Reviewing the episode, Alex McLevy of The A.V. Club felt as if the writers were trying to mimic the fun nature of the DC Comics series Legends of Tomorrow with the episode. He said, "while it's hard to not smile at the fey but likable tributes to retro horror-comedy tropes, it's also not exactly bold or original, either. It mostly elicits some knowing chuckles, a breezy and enjoyable episode that bends the series' format in ways that are broad and occasionally too cute by half", and compared the episode to "Fear and Loathing on the Planet of Kitson" from season six. McLevy gave the episode a "B−". Michael Ahr at Den of Geek said, "although the movie allusions were entertaining and appreciated, the stylistic narrative choices felt very much out of place" with "the whole episode feeling a bit like a parody of itself." He gave the episode 3 out of 5 stars. Matt Webb Mitovich from TVLine felt the episode was a letdown, describing it as "a well-intended but tonally wayward misfire". Mitovich conceded the episode was "every bit the love letter to the decade that it promised to be" but amidst all that, "it felt like actual storytelling opportunities were missed." For him, Mack's storyline was disappointing, likening his downward spiral to "Bro Thor" seen in Avengers: Endgame (2019), and called the Deke Squad storyline "just this side of too silly". Mitovich concluded, "If the events of this episode had taken place in an alternate reality or dream, then the over-the-top humor would have worked ... But as a very real juncture in the S.H.I.E.L.D. agents' final mission, it fell flat for me".
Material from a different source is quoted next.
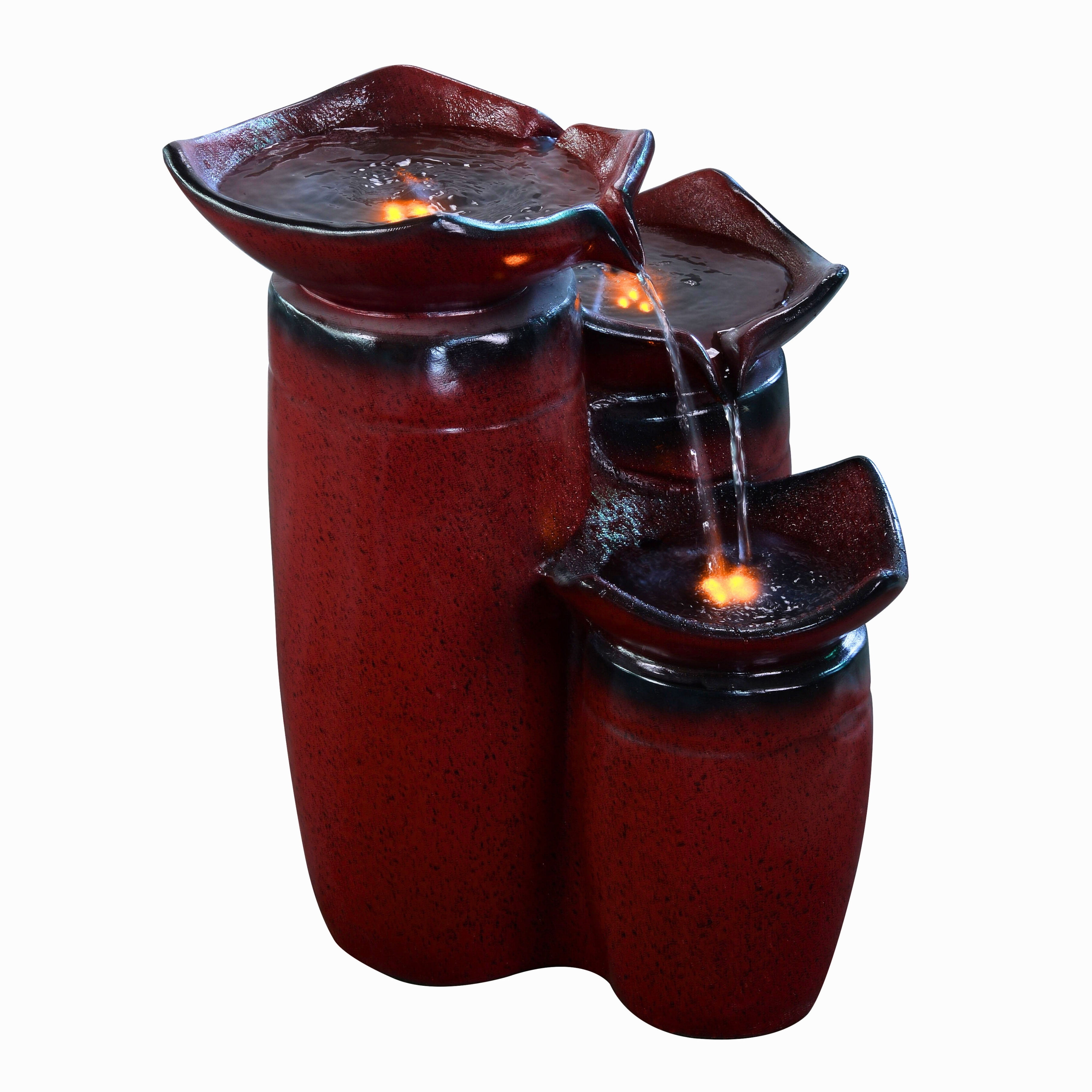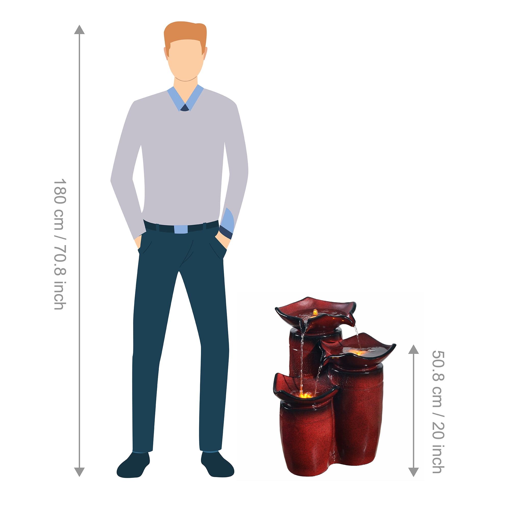 Turn your home’s outdoor area into a relaxing oasis with the Teamson Home Outdoor 3-Tier Glazed Pot Floor Fountain with LED Lights. This outdoor waterfall fountain features a multi-tiered red glazed pot design with a stunning gradient finish for a tranquil and soothing addition to your porch, backyard, or lawn. Constructed from durable polyresin and fiberglass with a natural look and classic textures, the fountain is weatherproof, rust-resistant, and resilient. The built-in LED lights placed in each tier keep this fountain illuminated for a magical display. This outdoor fountain will bring a touch of natural beauty to your space. Relax to the sounds of the peaceful water 300 L/H flow as it trickles down from the top tier to the additional tiers below for a peaceful escape. For convenient setup, the fountain includes a pump and all necessary parts for installation without the need to purchase additional hardware. This outdoor fountain measures 16.14″ x 15.94″ x 20″ to easily fit in almost any outdoor space.

Chopping Mall director and co-writer Jim Wynorski was not enthused about the episode, claiming he had not been informed about the references used and that the episode was "overtly plagiarizing other people's creative hard work". Conversely, when the series had referenced the film in the season four episode "Broken Promises", Wynorski messaged Fletcher, who also wrote the season four episode, thanking him for referencing the film and sent Fletcher an autographed Blu-ray of the film.